The importance of the sn-2 bond is in the regulation of digestion and subsequent fat absorption. The first enzyme that digests fats is gastric lipase, which is already well developed in newborns. Subsequently, pancreatic lipase continues fat digestion in the gut, but a certain immaturity of the exocrine function of the pancreas is observed in neonates. Bile-salt stimulated lipase from human milk has an important role in breastfed infants. Gastric lipase accounts for approximately 10 % and lipase stimulated by biliary salts accounts for 20–40 % of fat digestion [8]. Pancreatic lipase separates fatty acids in the sn-1 and sn-3 positions, while the middle position is relatively resistant to lytic activity of this enzyme [9]. When the activity of pancreatic lipase in the intestine is appropriate, the final result of digestion of fats is free fatty acids and 2-monoacylglycerol, which subsequently creates micelles with biliary acids and is absorbed quickly. However, free saturated fatty acids with a long chain (e.g. palmitic acid), and a sufficient amount of calcium in the intestinal lumen, create non-soluble calcium soaps and so lower the overall availability of calcium for the child. If palmitic acid is bound in the sn-2 position to glycerol, it does not create compounds with calcium, but is absorbed [5, 10]. If infants are fed with fats containing mainly palmitic acid located in the sn-1 and sn-3 position, the insufficient pancreatic lipase activity increases the risk of forming poorly absorbed calcium soaps.

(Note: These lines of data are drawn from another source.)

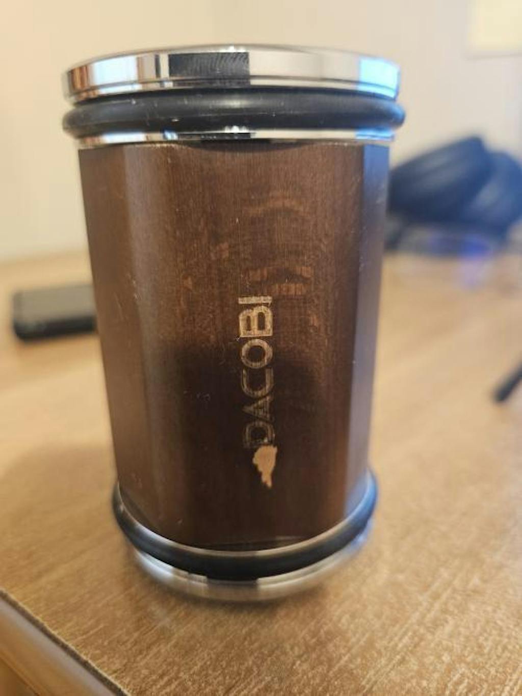 - material Acacia in butucul cilindric care prinde pietrele abrazive 1 stea.. Lemnul nu este de Acacia. Poate fi un PAL/MDF/lemn clasic. Culoarea aceea roșie frumoasă sa decojit. Butucul cilindric are așchii mici la capeți.
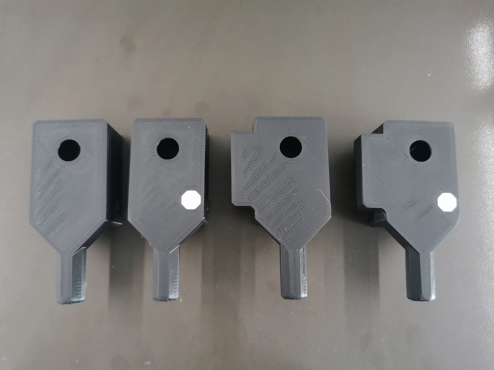 Với cách này bạn không cần in clip và con ốc thường. Chỉ việc nhấn 3 viên nam châm (5 x 1.5 mm) vào các lỗ, và nhớ ấn chìm xuống dưới mặt một chút để khỏi làm trầy bề mặt bạn gắn lên.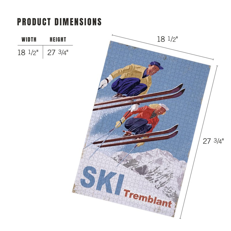- 18.5 x 27.75 inches Lantern Press 1000 Piece Jigsaw Puzzle, Tremblant, Vintage Skiers

This is the reason why, according to the pattern of human milk, a high content of palmitic acid in the sn-2 position in milk formula leads to higher absorption and efficiency of palmitic acid in comparison with supplemental milk formulas with triacylglycerols derived from vegetable oils that are predominantly in the sn-1 and sn-3 position [11]. Several studies have revealed that fat from human milk is better absorbed than fat from supplemental milk formulas, while increasing the β-palmitate in formulas aims to achieve the level of fat absorption from formulas at that from human milk. The content of fatty acids bound in the β-position to glycerol is distinctly different in various supplemental milk formulas [3]. Furthermore, when analysing various supplementary milk formulas, there were significant differences in the stereospecific structure of fatty acids, as well as in the profile of particular fatty acids in comparison with human milk [4]. Regarding palmitic acid, although differences were not that great in its content, there were differences in the proportion of its binding in the sn-2 position. Similarly, the content of fatty acids in human milk changes depending on the mother’s diet [12]. The gradual identification of particular components of human milk, as well as determination of their physiological importance, has led to adjustments of supplemental milk formulas with the aim of providing for infants who cannot be breastfed, for various reasons, similar benefits as those of human milk. Besides adjustment of the content of particular immunomodulatory (nucleotides, prebiotics, oligosaccharides, probiotics, vitamins) and other essential components with metabolic and other physiological functions (polyunsaturated fatty acids, carnitine, choline, taurine, minerals, vitamins) attention is increasingly turning towards the fatty components of cow’s milk [1].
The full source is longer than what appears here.